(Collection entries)
= Beginning of Section =
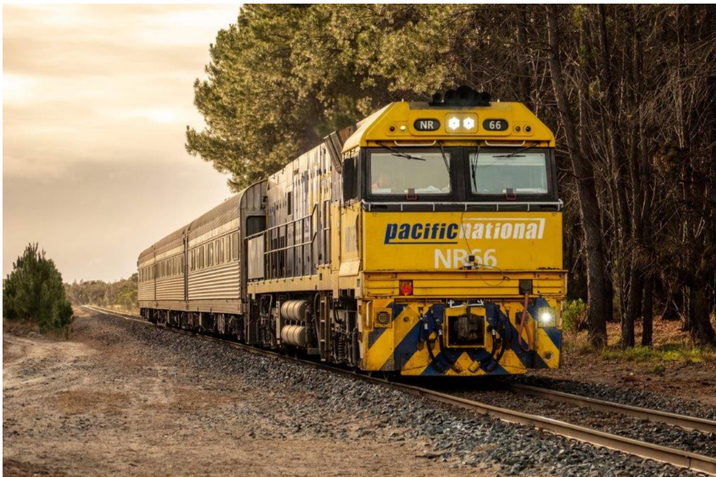
NR16 leads the AK cars through Gibson on approach to Esperance, 8 th July.
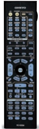
Available in Silver or Black
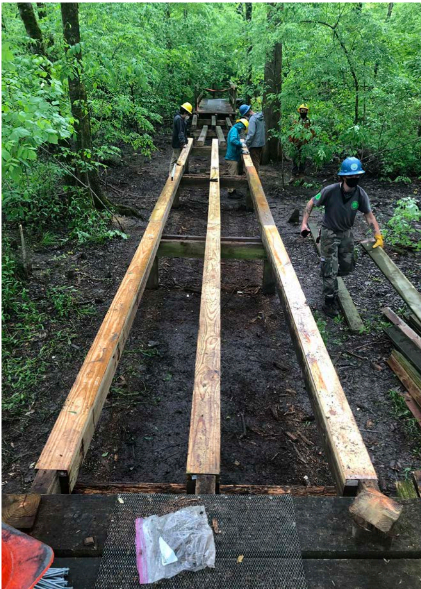
Southeast Conservation Corp crew members rebuild boardwalk.

product called SolarWinds was altered by a foreign state adversary to break into computers and access sensitive information. Interior, as one of several agencies exposed to compromise, worked with DHS to implement critical cybersecurity safeguards to detect system defects and mitigate and prevent cyberattacks. Of the increase, $16.0 million will maintain those safeguards, which have proven to be uniquely effective in protecting against the SolarWinds threat, and $5.4 million will fill other critical gaps in Interior's cyber defensive capability. Finally, the remaining $4.1 million will support implementation of a central cyber analytic solution needed to manage the Department's portfolio of cybersecurity capabilities.
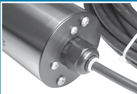
Bulkhead Fitting & Electrical Cable IP-68 (NEMA 6)
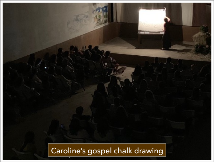
Caroline's gospel chalk drawing
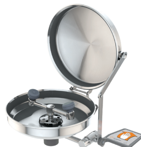
G1814BC Eyewash, Wall Mounted, SS Bowl with Cover
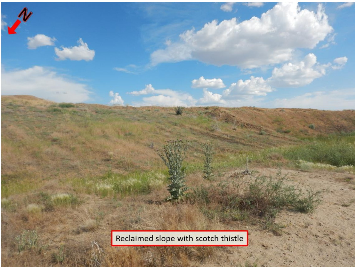
Reclaimed slope with scotch thistle
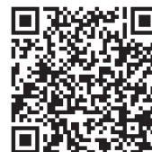
Figure 21.1 QR code referring to interactive exercises.

Access interactive exercises for this chapter 269 by positioning your smartphone camera at the dot-filled box, also known as a QR code.
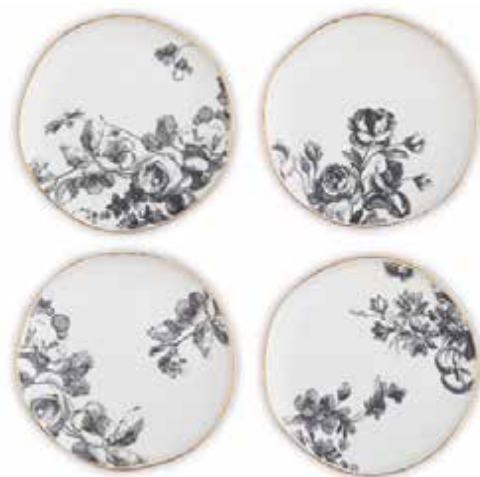
FEATURED: COMING HOME $35
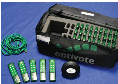
Optivote voting system (3 sets of 32, can be used for bigger classes)
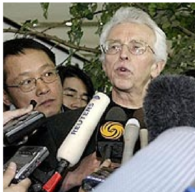
Hecker briefing the press following the visit

The Hecker visit confirmed that, despite media reports, Pyongyang had submitted its declaration, but there remained three issues of contention between the two sides – the amount of plutonium the Koreans had extracted from the Yongbyon reactor, the question of nuclear cooperation with Syria, and enriched uranium. The declaration has not been made public and Hecker's report is the best thing we have in the public domain on the issues, although he is, of course, coming at it from an American perspective. [17] He has no doubts that the US has a god-given right to nuclear weapons but that this indulgence does not extend to North Koreans.
= End of Section =
EXERCISE OBJECTIVE: Your reply should be the lines of the records from the start through the line with "Southeast Conservation Corp", copied word for word, pictures omitted.

RESULT OF THE TASK:
NR16 leads the AK cars through Gibson on approach to Esperance, 8 th July.
Available in Silver or Black
Southeast Conservation Corp crew members rebuild boardwalk.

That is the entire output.